#### Data under study ####

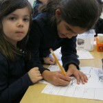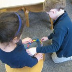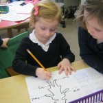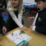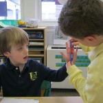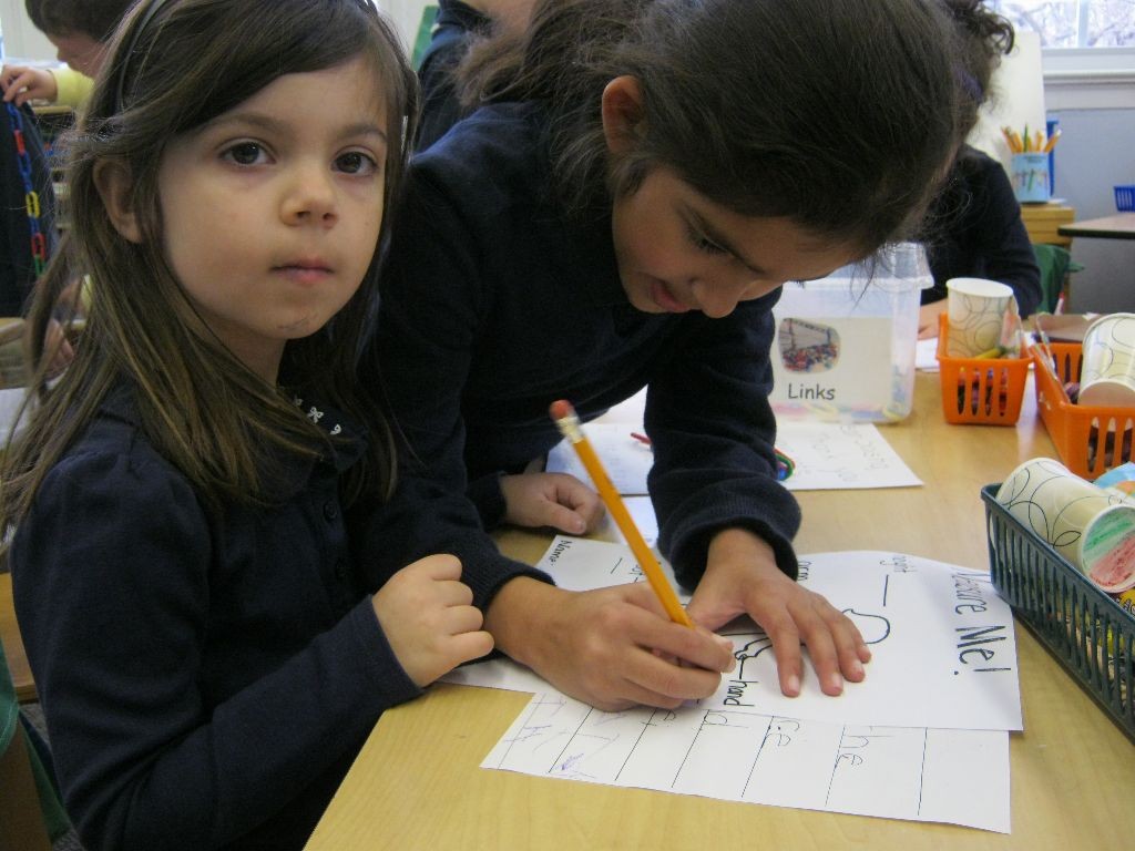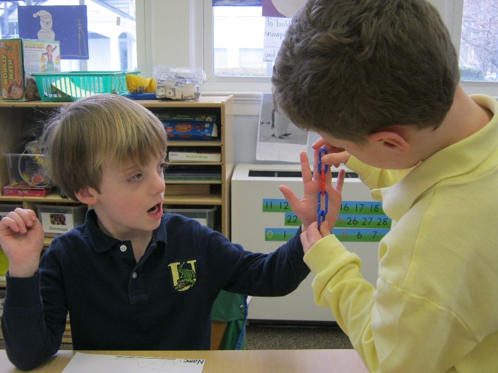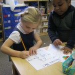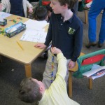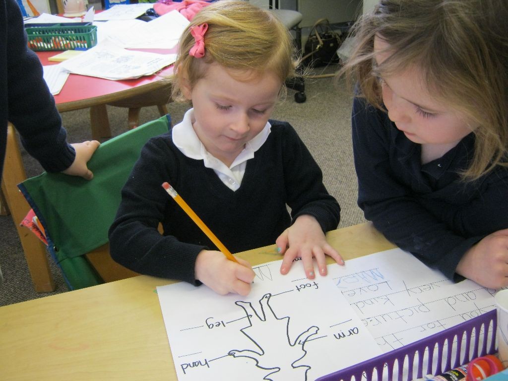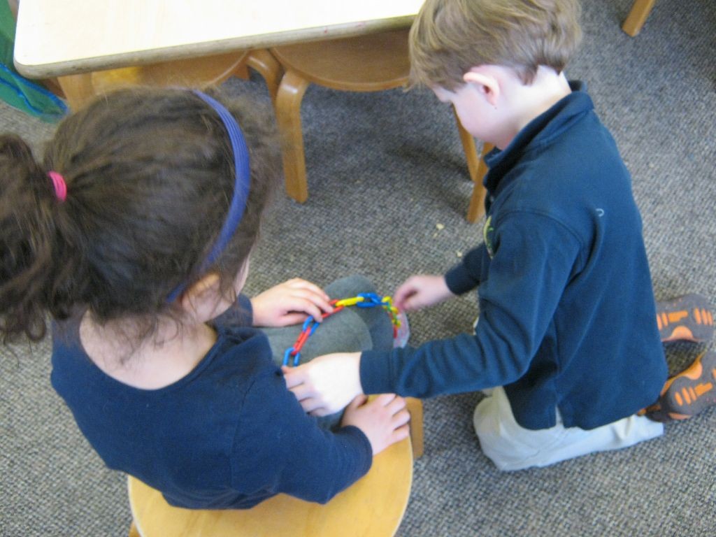 Posted by Faith BarbutoKindergarteners have been learning to measure using nonstandard units of measure such as plastic links and tiles. We have measured objects, pictures and even ourselves! Last week, we got the chance to teach our new measuring skills to the PreK-4 kids! Each kindergarten student was given a PreK-4 buddy to measure and help record data. Students measured their partners’ hands, arms, legs and height with plastic links and assisted them in writing the results.
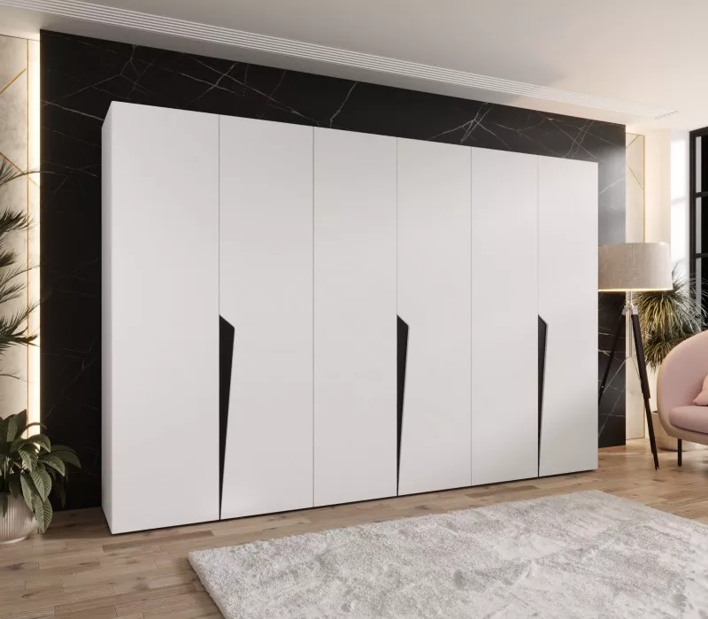 Velká šatní skříň 300 cm SORAYA 1 - bílá / černé úchyty
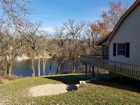Open lake view as soon as you pull in the drive. Cute barn style cottage with excellent living space. The main floor offers an open kitchen to dining/living room space with double door access out to covered screened porch overlooking Hawthorne Bay, which is no wake area and perfect for kayaking, wake boarding, swimming, etc.. Two bedrooms a full bath and main floor laundry room round out the main floor. Upstairs are two spacious bedrooms with a half bath. The lower level walk-out has great space for entertaining with an open family room with lake views and access out to back yard, bar/kitchen space which is mostly completed and a 2nd full bath. Also attached to the lower level is a great storage room for housing all your lake toys. This lakefront cottage is conveniently located just a short distance to Apple Canyon Lake swimming pool, restaurant, marina & clubhouse. Two of the bathrooms have been recently remodeled as well as other updates such as new carpeting, some electrical & HVAC, exterior landscaping as well as dock.
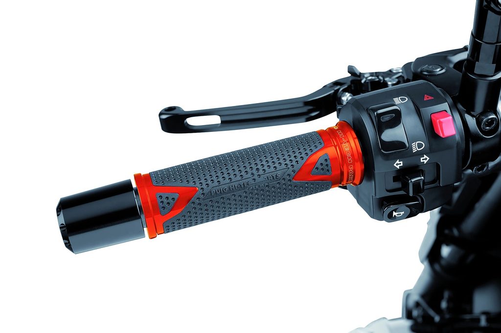 Úchop rukojetí je velmi příjemný a má protiskluzovou texturu, která zajišťuje, že vaše jízda bude bezpečná a plná pohodlí. Vedle pryže mají rukojeti eloxovanou hliníkovou vložku dostupnou v různých barvách, díky které si můžete motocykl přizpůsobit podle svého vkusu a učinit jej jedinečným.
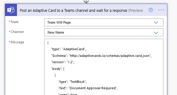 Use the action called “Post an Adaptive Card to a Teams channel and wait for a response”. In this case the team only has members who are authorised to approve documents. You therefore don’t need to hard-code names into the flow. If you’re a member of the group you can participate in the approval process. This is like the “First to respond” option in the native approvals.
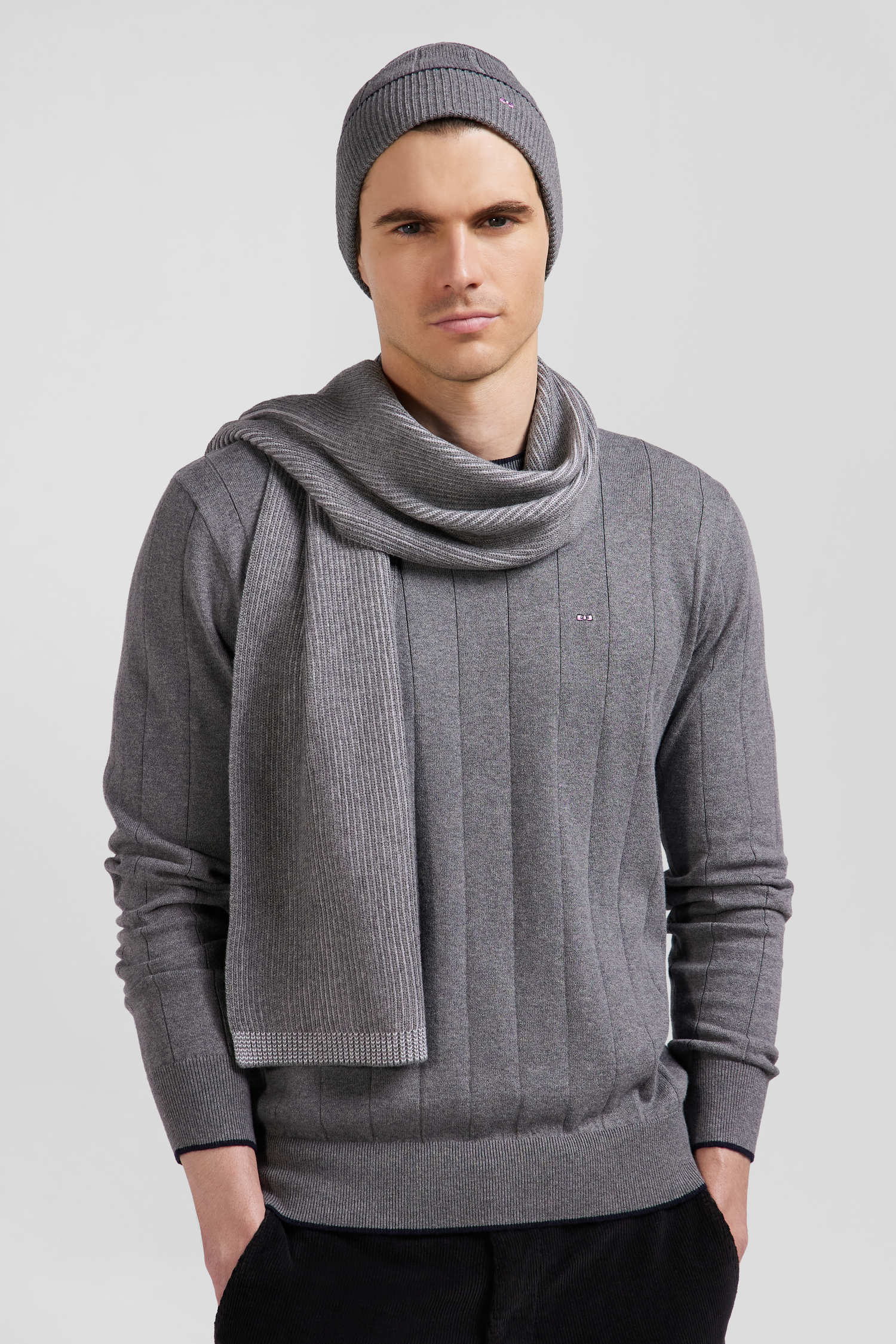 Ce pull homme col rond se distingue par son effet de rayures ton sur ton travaillé grâce à son tricotage et sa construction soignée. Confectionné en coton et cachemire pour plus de douceur et de chaleur, ce pull intemporel s'orne de notre indispensable broderie nœud papillon.

####

Each record above goes into the copy unchanged; the pictures do not.

 Posted by Faith BarbutoKindergarteners have been learning to measure using nonstandard units of measure such as plastic links and tiles. We have measured objects, pictures and even ourselves! Last week, we got the chance to teach our new measuring skills to the PreK-4 kids! Each kindergarten student was given a PreK-4 buddy to measure and help record data. Students measured their partners’ hands, arms, legs and height with plastic links and assisted them in writing the results.
 Velká šatní skříň 300 cm SORAYA 1 - bílá / černé úchyty
Open lake view as soon as you pull in the drive. Cute barn style cottage with excellent living space. The main floor offers an open kitchen to dining/living room space with double door access out to covered screened porch overlooking Hawthorne Bay, which is no wake area and perfect for kayaking, wake boarding, swimming, etc.. Two bedrooms a full bath and main floor laundry room round out the main floor. Upstairs are two spacious bedrooms with a half bath. The lower level walk-out has great space for entertaining with an open family room with lake views and access out to back yard, bar/kitchen space which is mostly completed and a 2nd full bath. Also attached to the lower level is a great storage room for housing all your lake toys. This lakefront cottage is conveniently located just a short distance to Apple Canyon Lake swimming pool, restaurant, marina & clubhouse. Two of the bathrooms have been recently remodeled as well as other updates such as new carpeting, some electrical & HVAC, exterior landscaping as well as dock.
 Úchop rukojetí je velmi příjemný a má protiskluzovou texturu, která zajišťuje, že vaše jízda bude bezpečná a plná pohodlí. Vedle pryže mají rukojeti eloxovanou hliníkovou vložku dostupnou v různých barvách, díky které si můžete motocykl přizpůsobit podle svého vkusu a učinit jej jedinečným.
 Use the action called “Post an Adaptive Card to a Teams channel and wait for a response”. In this case the team only has members who are authorised to approve documents. You therefore don’t need to hard-code names into the flow. If you’re a member of the group you can participate in the approval process. This is like the “First to respond” option in the native approvals.
 Ce pull homme col rond se distingue par son effet de rayures ton sur ton travaillé grâce à son tricotage et sa construction soignée. Confectionné en coton et cachemire pour plus de douceur et de chaleur, ce pull intemporel s'orne de notre indispensable broderie nœud papillon.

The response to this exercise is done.